**Work instructions**
Beginning with the line that holds "کاربرد را با", copy each line to the end of the records exactly, except the pictures.
•••
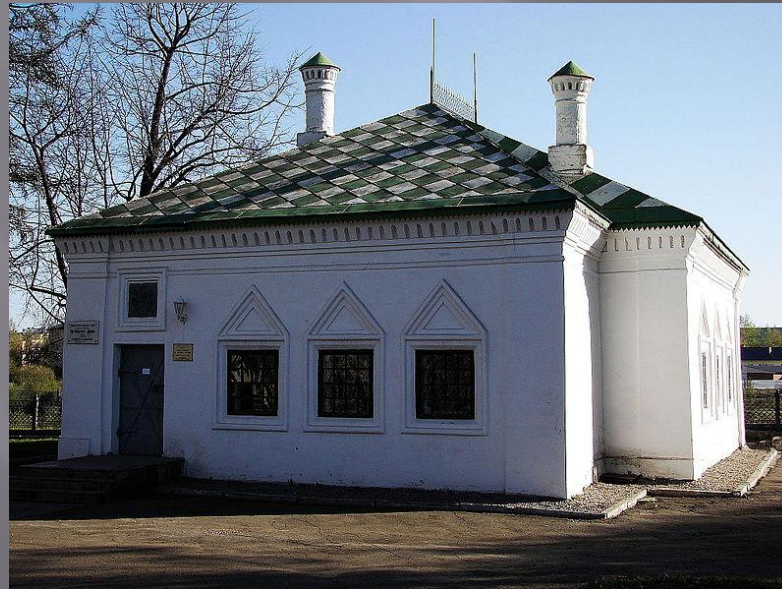
Домик Петра 1
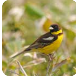
シマアオジ (サロベツ・エコ・ネットワーク)
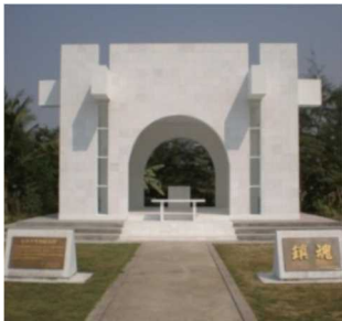
ビルマ平和記念碑
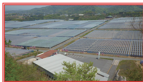
研修農園がある沼隈ぶどう団地

また、優良農地の有効活用や、条件の良い耕作放棄地の再生等により、収益性の高い果樹農業のモデル経営の実証等による担い手研修生の経営目標の設定支援や、成園過程の農地の集積や改植等のノウハウを集積しています。
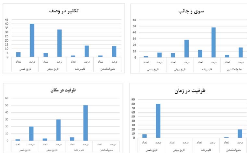
شکل ۴. مقایسه فراوانی «از» به معنای «سوی و جانب»، «تکثیر در وصف»، «ظرفیت زمانی و مکانی»

کاربرد را با فراوانی نسبی ۵۰ و ۱۶ درصد در کتاب‌های تاریخ بلعمی و جامع‌الحکمتین (نثر دوره سامانی) و ۳۴ درصد آن به دو کتاب نثر بینابین اختصاص دارد.
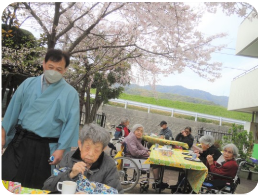
中庭の桜も満開で最高の花見日和でした
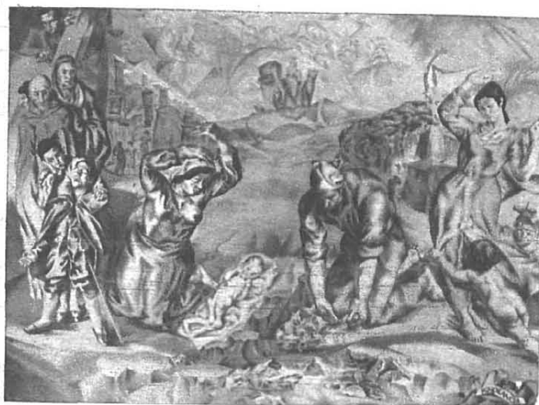
Frescos que decoran algunos pabellones de la Ciudad Universitario pintados por el notabilísimo artista Luis Quintanilla
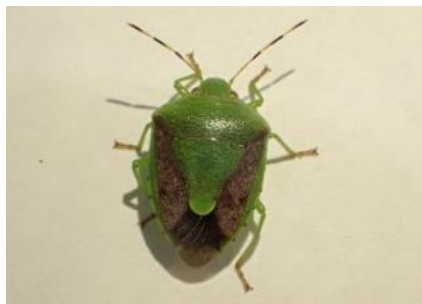
チャバネアオカメムシ
•••
**Reply to the exercise**
کاربرد را با فراوانی نسبی ۵۰ و ۱۶ درصد در کتاب‌های تاریخ بلعمی و جامع‌الحکمتین (نثر دوره سامانی) و ۳۴ درصد آن به دو کتاب نثر بینابین اختصاص دارد.
中庭の桜も満開で最高の花見日和でした
Frescos que decoran algunos pabellones de la Ciudad Universitario pintados por el notabilísimo artista Luis Quintanilla
チャバネアオカメムシ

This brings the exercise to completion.